Not much else to say this morning. We went garage-saling on Sunday and I got The Tale of the Genji, which I’ve wanted to read forever, but also The Papers of Samuel Marchbanks, which I’ve wanted to re-read forever, so it may be awhile yet. Boys make reading harder – I still have 30 pages left of Darrin McMahon’s Happiness, he’s up to Freud and I think he’s about to write something radical about something.

lunedì, agosto 21, 2006

Something's begun

Here I am again, extra bendy and ready for action. Co-habitation with Figaro has thus far been a breezy screamy lark but in my ongoing and generally futile bid to avoid discussing personal details in this blog I’ll just say things are cool and leave it like that.

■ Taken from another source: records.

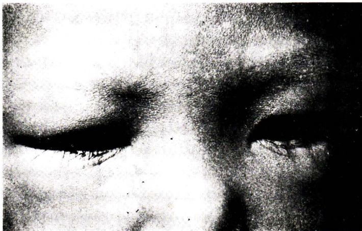
รูปที่ 2 อาการหนังตาบวม ซึ่งเป็นอาการสำคัญและพบบ่อยที่สุดในโรค acute glomerulonephritis และเป็นสิ่งสำคัญที่ทำให้ผู้ป่วยมาหาแพทย์
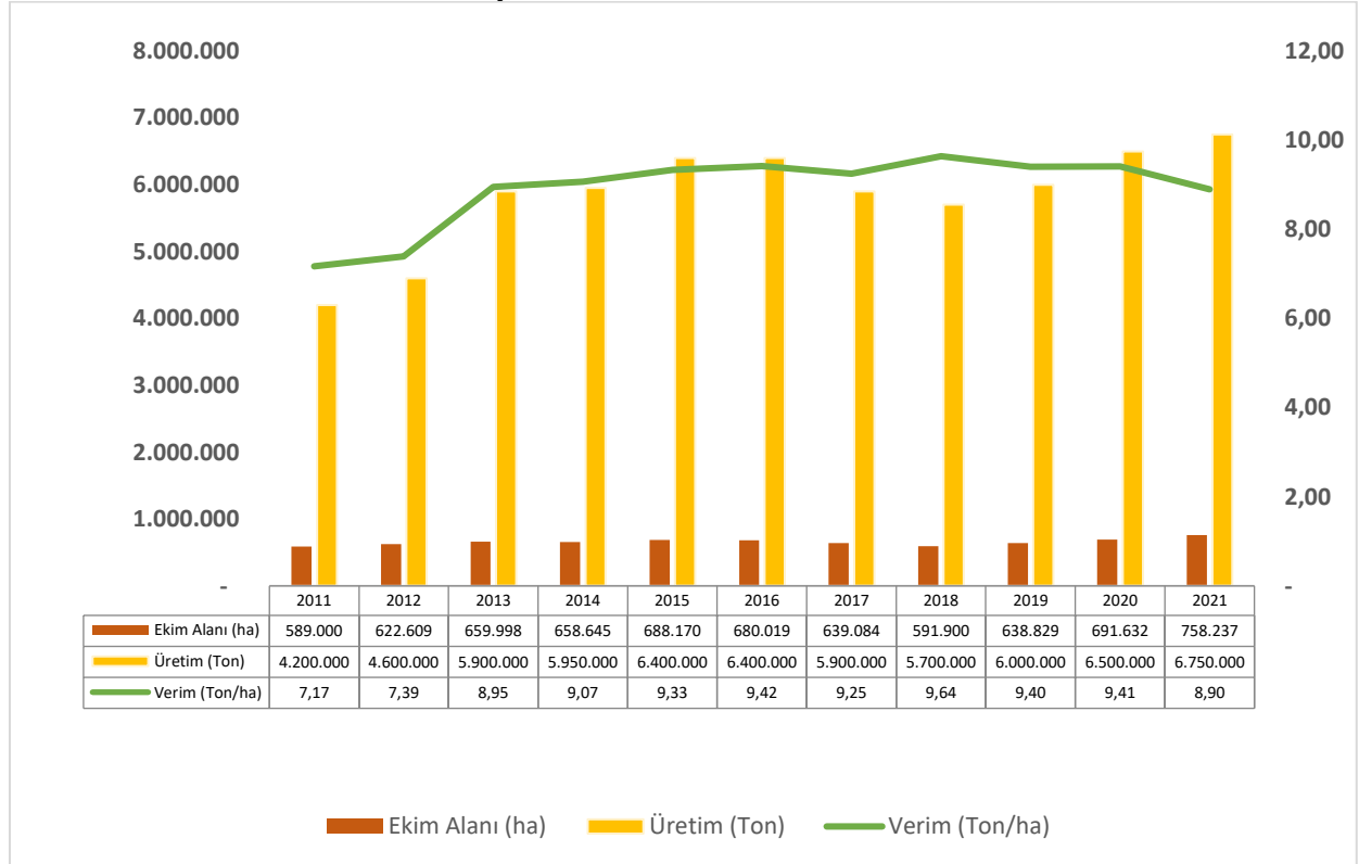
Grafik 2- 2011-2021 Döneminde Türkiye’de Mısır Ekim Alanı, Üretim Miktarı ve Verimlilik
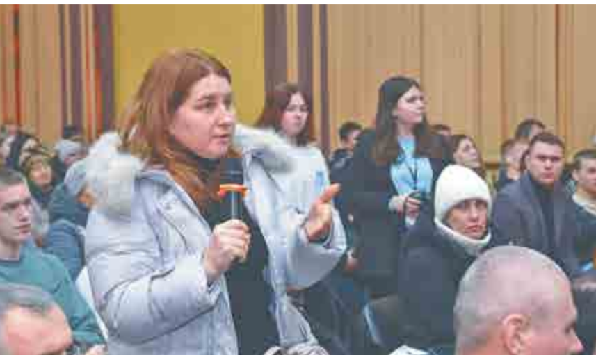
Родители студентов АПК активно задавали вопросы о работе на АПЗ и совмещении ее с учебой.
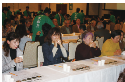
闘茶会様子 大闘茶会① (H22)
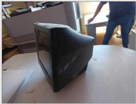
MONITOR | Item: 774 |
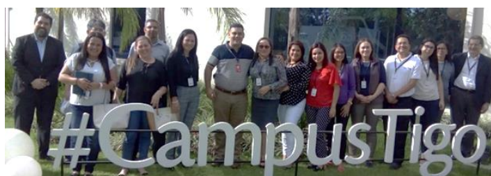
Visita a Tigo Paraguay para discutir de la moneda electrónica

So glad he got here for the tail end of the summer when there is tonnes of music I like happening in Toronto. We saw three concerts in five days – some classic Jap with the Kiyoshi Nagata Ensemble, a professionalish production of Don Giovanni , and the Cecilia String Quartet playing Kelly Marie Murphy’s “Another Little Piece of My Heart” (no relation but very emotive and beautiful) and some Brahms. The three performances leave me with four things to write here:

1. Jap drumming is really horny.

2. The production of Donny G was a little rough around the edges in terms of staging and the technical perfection of most of the musicians. The set was minimal and relied heavily on light projection. And yet its energy and the clever way it was staged in such a small theatre made it fucking terrific. The chick singers were really nice and very strong even as they acted, and I enjoyed the boy singers very much too. What Leoporello and Don Ottavio lacked in flawlessness they made up for in emotional skill and Donny G himself was the perfect slimy bastard with a great booming voice. My point is it was way more pleasurable than half the performances I’ve seen from the COC that obviously had several times the budget. The COC will hopefully figure out soon, as it moves into its new digs, that the market is flooded with talent so they should work on making their productions more engaging instead of blowing the budget on the biggest names it can afford.

3. Brahms is soooooo romantic. Brahms makes me cry sexy tears.

4. As we (biked) home we could hear the leaves curling and turning brown on the trees, and the birds deciding where to go for Winter. And the whole sound, the whole sound of Summer packing its bags and preparing to leave town. I’m sorry. It’s true. Summer is taking the evenings off. We couldn’t stay for the last movement of the Brahms even though it was making me cry because we were dressed for summer. It’s a knife in my swollen heart. I think we’re going to go to Australia in February – I can’t hack this shit.